Reputation: 213
If I have a vector r , I can easily calculate its inner product
r=[1 2 3];
inner = r*r'
inner = 14
Same goes for the outer product
outer=r'*r
outer =
1 2 3
2 4 6
3 6 9
Outer, as it should be, has NxN components (where N is the total number of components, here 3). Inner, on the other hand has m x m components (where m is the number of rows, here 1). I want to be able to do this standard operation to rectangular matrices too. The inner product of rectangular matrices is easy enough:
r =
1 2 3
1 1 1
inner=r*r'
inner =
14 6
6 3
Inner has components (2x2=4) and this is what I expect from the matrix multiplication of r with its transpose. Clearly, though, it is not clear how I should calculate the outer product of with itself, because now the definition of "inner product with transpose" and "outer product with itself" have the same syntax in MATLAB. Indeed, if I try to repeat what I have done for the vector r, I obtain:
outer=r'*r
outer =
2 3 4
3 5 7
4 7 10
Which is not the outer product of r with itself, as it's evident from the fact that it does not have NxN=36, but only nxn=9 components (where n is the number of column). What MATLAB has interpreted my calculation to be is the inner product of r transpose and r. How do I obtain the proper outer product, whose components are all the combinations of products between components of r?
Upvotes: 1
Views: 3173
Reputation: 1905
The *
operator in MATLAB calculates the matrix multiplication.

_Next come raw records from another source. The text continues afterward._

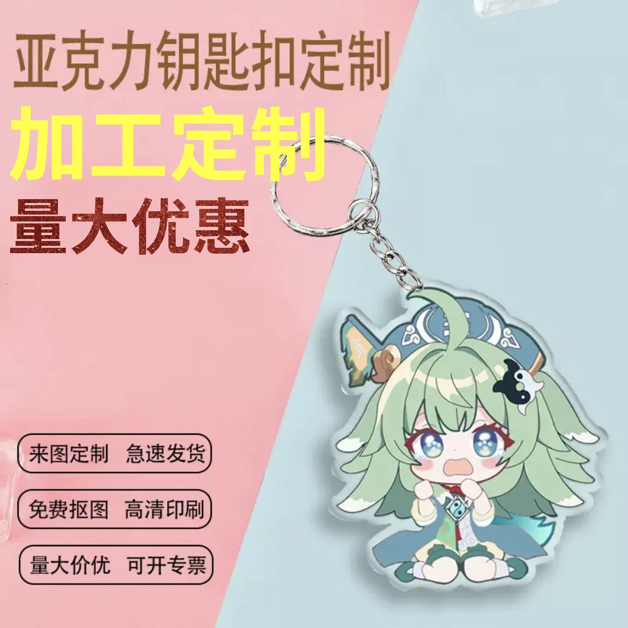 アクリルキーカスタムバックルアニメーション周辺機器IP印刷バッチ大有利二層複合CNC彫刻レーザー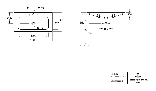 Раковина Villeroy & Boch 4164A2R1 Finion для мебели, альпийский белый CeramicPlus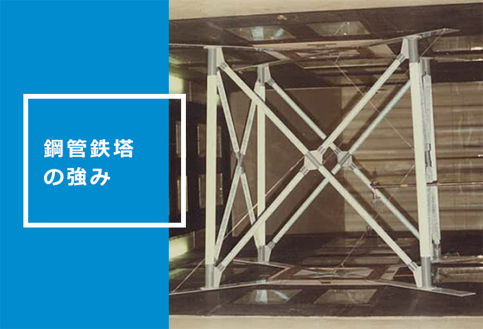 そこで、当社では風荷重を低減させつつ、適切な構成部材とすることを目的として中空鋼管鉄塔を開発しました。現在、大規模鉄塔では、この中空鋼管鉄塔が採用されています。

I guess what you want is the Kronecker product. It can be done with the kron
function in MATLAB.
Upvotes: 4
Reputation: 60444
If you are looking for a 6x6 matrix, you likely want to do
r(:) * r(:).'
r(:)
is a vector with all the elements of matrix r
.
If you are looking for the tensor outer product of r
with itself, which will have a size of 2x3x2x3, then you need to do as follows:
r .* shiftdim(r,-2)
(with the 2 being the number of dimensions in r
, and the .*
the element-wise multiplication with implicit singleton expansion.)
Note that both answers produce the same set of values, as does the kron(r,r)
solution by yar, but all three put the resulting elements in a different order.